Merge 'table: don't create new split compaction groups if main compaction group is disabled' from Ferenc Szili

Fixes a race condition where tablet split can crash the server during truncation. `truncate_table_on_all_shards()` disables compaction on all existing compaction groups, then later calls `discard_sstables()` which asserts that compaction is disabled. Between these two points, tablet split can call `set_split_mode()`, which creates new compaction groups via `make_empty_group()` — these start with `compaction_disabled_counter == 0`. When `discard_sstables()` checks its assertion, it finds these new groups and fires `on_internal_error`, aborting the server. In `storage_group::set_split_mode()`, before creating new compaction groups, check whether the main compaction group has compaction disabled. If it does, bail out early and return `false` (not ready). This is safe because the split will be retried once truncation completes and re-enables compaction. A new regression test `test_split_emitted_during_truncate` reproduces the exact interleaving using two error injection points: - **`database_truncate_wait`** — pauses truncation after compaction is disabled but before `discard_sstables()` runs. - **`tablet_split_monitor_wait`** (new, in `service/storage_service.cc`) — pauses the split monitor at the start of `process_tablet_split_candidate()`. The test creates a single-tablet table, triggers both operations, uses the injection points to force the problematic ordering, then verifies that truncation completes successfully and the split finishes afterward. Fixes: SCYLLADB-1035 This needs to be backported to all currently supported version.

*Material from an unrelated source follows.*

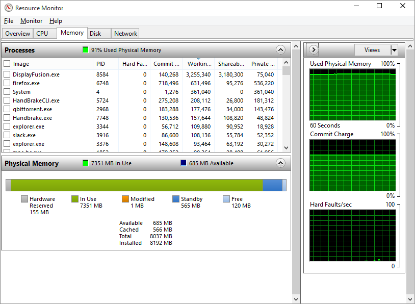 I had been wondering why it seemed like I've had a lot less free memory since upgrading to Windows 10, initially just blaming the OS itself, but when I finally decided to check the Resource Monitor instead of relying on the Task Manager, it turned out to be DisplayFusion gobbling it all up. I think this may be cause by the Alt+Tab handler, because when I alt+tab is seems to go back to a more sane level of memory usage.

Closes scylladb/scylladb#29250 * github.com:scylladb/scylladb: test: add test_split_emitted_during_truncate table: fix race between tablet split and truncate (cherry picked from commit 7fe4ae16f0) Closes scylladb/scylladb#29572
2026-04-30 13:17:01 +00:00 · 2026-04-14 22:00:40 +02:00
parent f2e458dcb2
commit 9f042ebf45
3 changed files with 84 additions and 2 deletions
--- a/replica/table.cc
+++ b/replica/table.cc
@@ -961,6 +961,11 @@ bool storage_group::set_split_mode() {
        return false;
    }
    if (!splitting_mode()) {
+        // Don't create new compaction groups if the main cg has compaction disabled
+        if (_main_cg->compaction_disabled()) {
+            tlogger.debug("storage_group::set_split_mode: split ready groups not created due to compaction disabled on the main group");
+            return false;
+        }
        auto create_cg = [this] () -> compaction_group_ptr {
            // TODO: use the actual sub-ranges instead, to help incremental selection on the read path.

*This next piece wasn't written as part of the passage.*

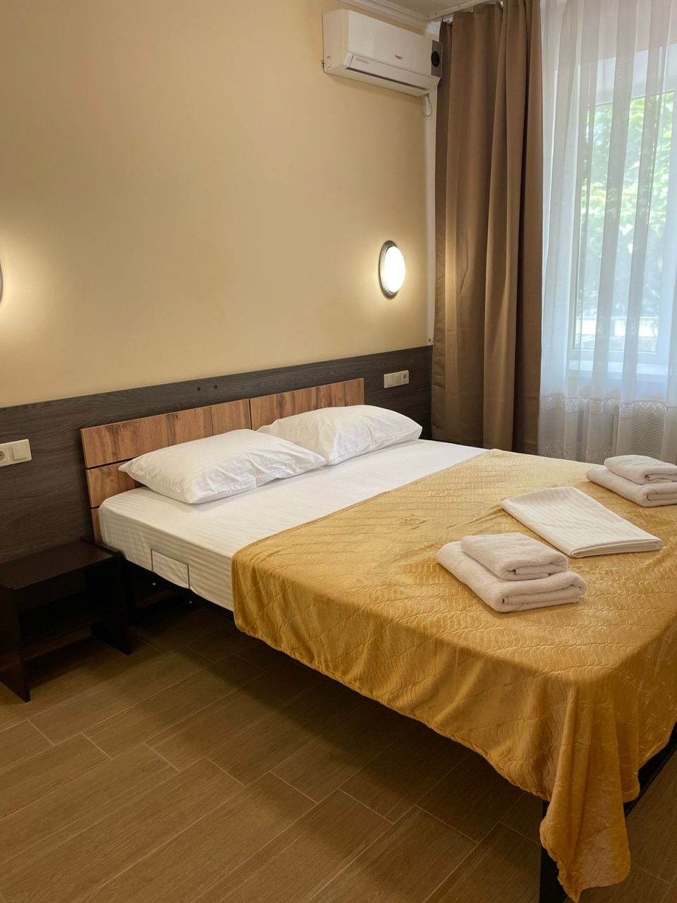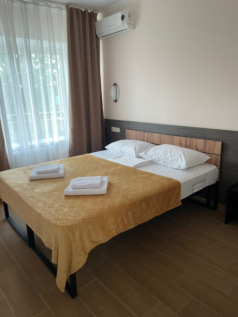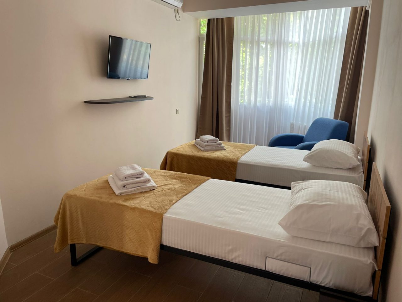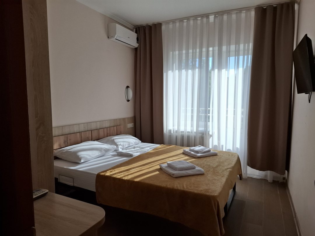 Чистый номер, кондиционер, телевизор, холодильник. Питание хорошее, шведский стол. Море рядом. Магазины 10 мин продуктовый , остальные 15- 25 мин и автовокзал.

            return compaction_group::make_empty_group(*_main_cg);
--- a/service/storage_service.cc
+++ b/service/storage_service.cc
@@ -5827,6 +5827,8 @@ future<> storage_service::process_tablet_split_candidate(table_id table) noexcep
        });
    };

+    co_await utils::get_local_injector().inject("tablet_split_monitor_wait", utils::wait_for_message(1min));
+
    exponential_backoff_retry split_retry = exponential_backoff_retry(std::chrono::seconds(5), std::chrono::seconds(300));

    while (!_async_gate.is_closed() && !_group0_as.abort_requested()) {
--- a/test/cluster/test_truncate_with_tablets.py
+++ b/test/cluster/test_truncate_with_tablets.py
@@ -10,8 +10,8 @@ from cassandra.policies import FallthroughRetryPolicy
 from test.pylib.manager_client import ManagerClient
 from test.cluster.conftest import skip_mode
 from test.cluster.util import get_topology_coordinator, new_test_keyspace
-from test.pylib.tablets import get_all_tablet_replicas
-from test.pylib.util import wait_for_cql_and_get_hosts
+from test.pylib.tablets import get_all_tablet_replicas, get_tablet_count
+from test.pylib.util import wait_for_cql_and_get_hosts, wait_for
 import time
 import pytest
 import logging
@@ -347,3 +347,78 @@ async def test_parallel_truncate(manager: ManagerClient):
        assert row[0].count == 0
        row = await cql.run_async(SimpleStatement(f'SELECT COUNT(*) FROM {ks}.test1', consistency_level=ConsistencyLevel.ALL))
        assert row[0].count == 0
+
+@pytest.mark.asyncio
+@skip_mode('release', 'error injections are not supported in release mode')
+async def test_split_emitted_during_truncate(manager: ManagerClient):
+    """Tests that truncation handles new compaction groups introduced by tablet
+    split after compaction was already disabled on existing groups.
+
+    The scenario:
+    1. Truncation disables compaction on all existing compaction groups, then pauses.
+    2. While paused, tablet split creates new (split-ready) compaction groups.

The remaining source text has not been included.